AIM OF THE EXERCISE: Go through the listing below and write out exactly the lines from the one that mentions "These random notes" through the one that mentions "Пожилая женщина и", minus the pictures.

===== STORED DATA

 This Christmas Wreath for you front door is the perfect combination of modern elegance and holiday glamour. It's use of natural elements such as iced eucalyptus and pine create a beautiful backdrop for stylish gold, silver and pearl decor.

==========
===== STORED DATA

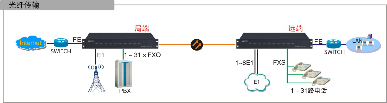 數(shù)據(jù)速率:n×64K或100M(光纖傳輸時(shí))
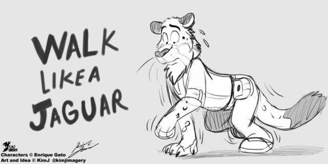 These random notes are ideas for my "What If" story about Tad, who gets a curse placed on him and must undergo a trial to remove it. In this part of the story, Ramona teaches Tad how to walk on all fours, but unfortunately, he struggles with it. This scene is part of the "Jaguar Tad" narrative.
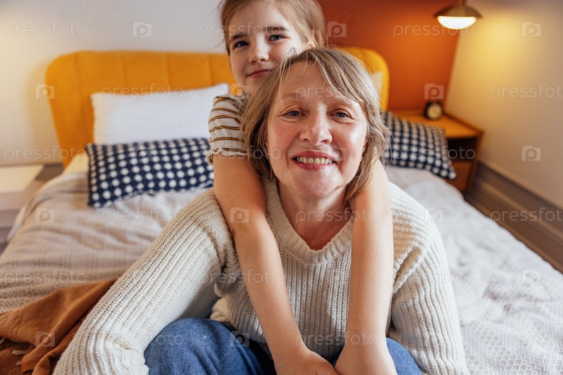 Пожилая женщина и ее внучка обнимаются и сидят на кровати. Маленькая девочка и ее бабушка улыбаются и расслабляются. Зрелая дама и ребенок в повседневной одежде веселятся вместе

==========

THE ANSWER:
 These random notes are ideas for my "What If" story about Tad, who gets a curse placed on him and must undergo a trial to remove it. In this part of the story, Ramona teaches Tad how to walk on all fours, but unfortunately, he struggles with it. This scene is part of the "Jaguar Tad" narrative.
 Пожилая женщина и ее внучка обнимаются и сидят на кровати. Маленькая девочка и ее бабушка улыбаются и расслабляются. Зрелая дама и ребенок в повседневной одежде веселятся вместе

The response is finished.